Эльвира Тимофеевна появилась в его палате только утром, после завтрака. Она обходила своих персональных пациентов, в числе которых был Торопов. Она сама ему об этом сказала.
– А как же Дмитрий Викторович? – осторожно спросил Павел, вспомнив недавний разговор.
– Дмитрий Викторович в отпуске. Вами сейчас занимаюсь я. Но дело не в том… Вы помните Дмитрия Викторовича? – спросила она, глядя на него с мягкой пытливой улыбкой.
– Нет, я его не помню, но вы про него говорили.
– Ну что ж, скоро он выйдет на работу, вы с ним увидитесь, возможно, вспомните его…
– Не знаю… Ко мне Маша сегодня приходила. Ночью, – стараясь скрыть нервное возбуждение, все же признался Торопов.
– Очень хорошо.
– Что здесь хорошего? Она осуждала меня, хотела, чтобы я жег себя каленым железом… Она хочет, чтобы я наказал самого себя за убийство ее любовника!
– Тихо, спокойно, – Эльвира Тимофеевна мягко, можно даже сказать, нежно накрыла рукой его ладонь. – То, что она от вас требует, – это, несомненно, плохо. А хорошо то, что вы признаетесь мне в своих видениях…
– Но это не видение, она действительно ко мне приходила.
– Вы прикасались к ней?
– Нет. Она не позволила… Она ненавидит меня, поэтому не позволила, – возбужденно сказал Торопов.
– Не позволила, потому что там не к чему прикасаться. Вот я, живой человек во плоти, сижу перед вами, – Эльвира Тимофеевна взяла Павла за руку, приподняла ее и уложила его ладонь на свою коленку, едва прикрытую полой халата.

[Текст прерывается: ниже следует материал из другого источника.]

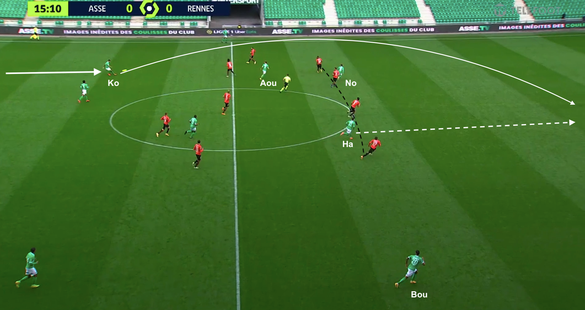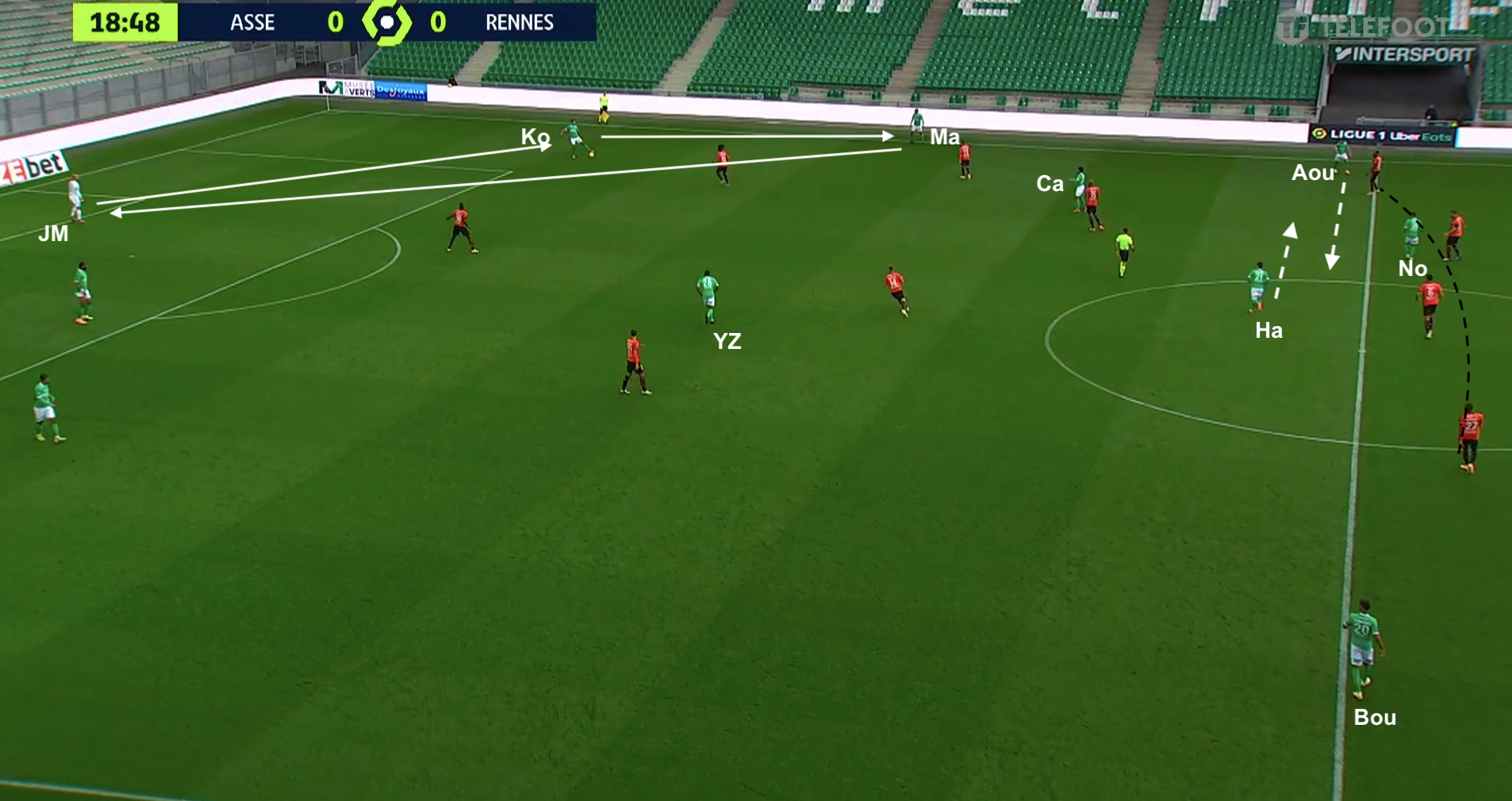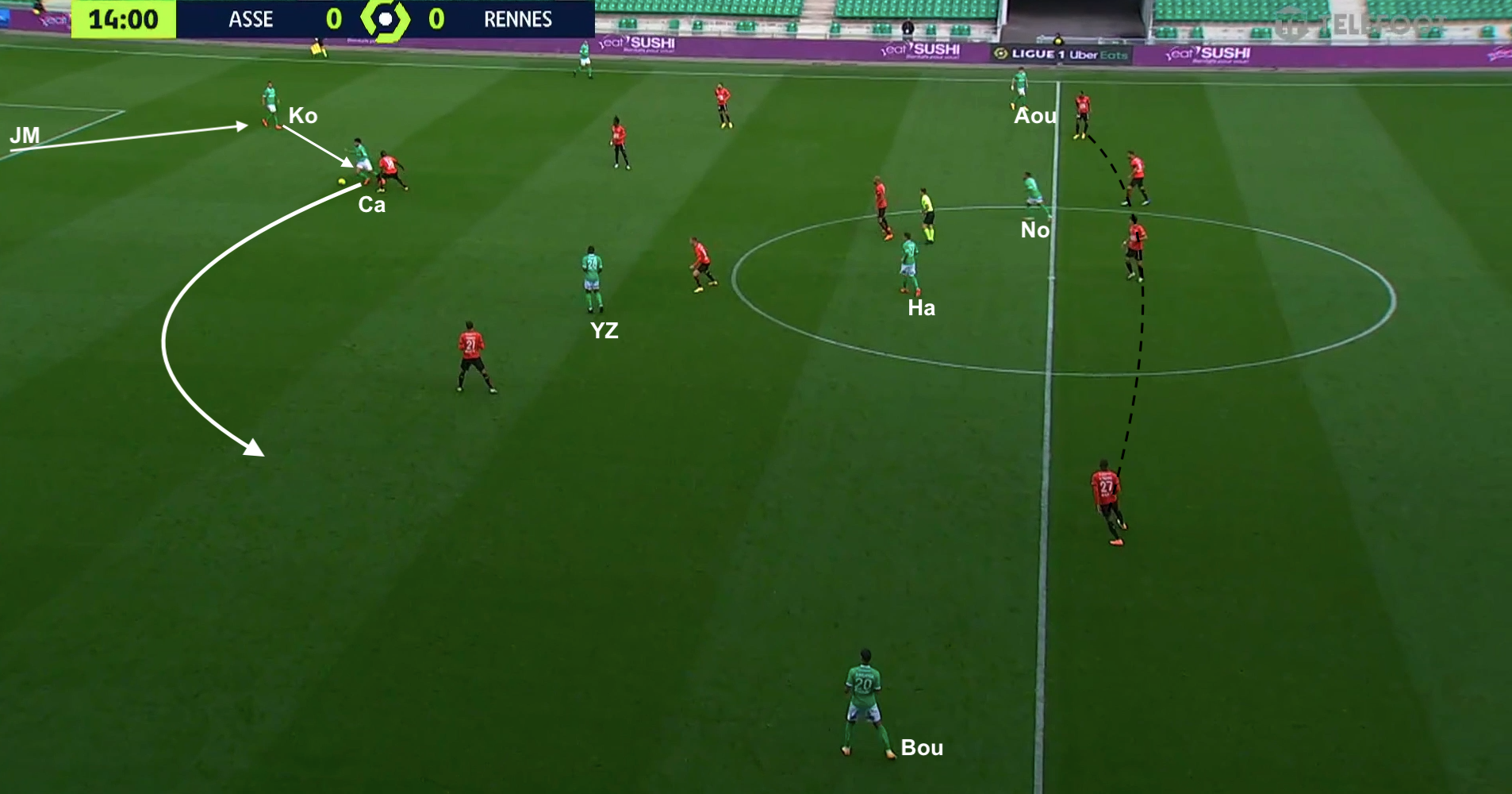 Après des échanges de passes avec son gardien et avec Moukoudi, Kolo monte balle au pied. En face, la défense est toujours très haute et les Stéphanois sont prêts à des appels dans son dos :

Конец мая или, лучше сказать, начало лета, слишком уже тепло на дворе, чтобы носить колготки, поэтому ладонь Торопова ощутила теплую и бархатистую гладь женской кожи. Приятное прикосновение вызвало всплеск чувственных эмоций, Эльвира Тимофеевна заметила это и неторопливо сняла руку со своей коленки. В глазах у нее – лукавый упрек, на губах – ласковая улыбка, которой она как бы поощряла интерес мужчин к себе. Но, увы, при этом она не видела в Павле достойного претендента на роль своего кавалера, он был для нее всего лишь пациентом, которого если и стоило в чем-то поощрять, то в целях его выздоровления. Впрочем, он и сам был сейчас далек от того, чтобы воспринимать ее как женщину, которая могла бы скрасить его одиночество… Да и не одинок он. Где-то недалеко находится Маша… Или она все-таки не более чем призрак из прошлого?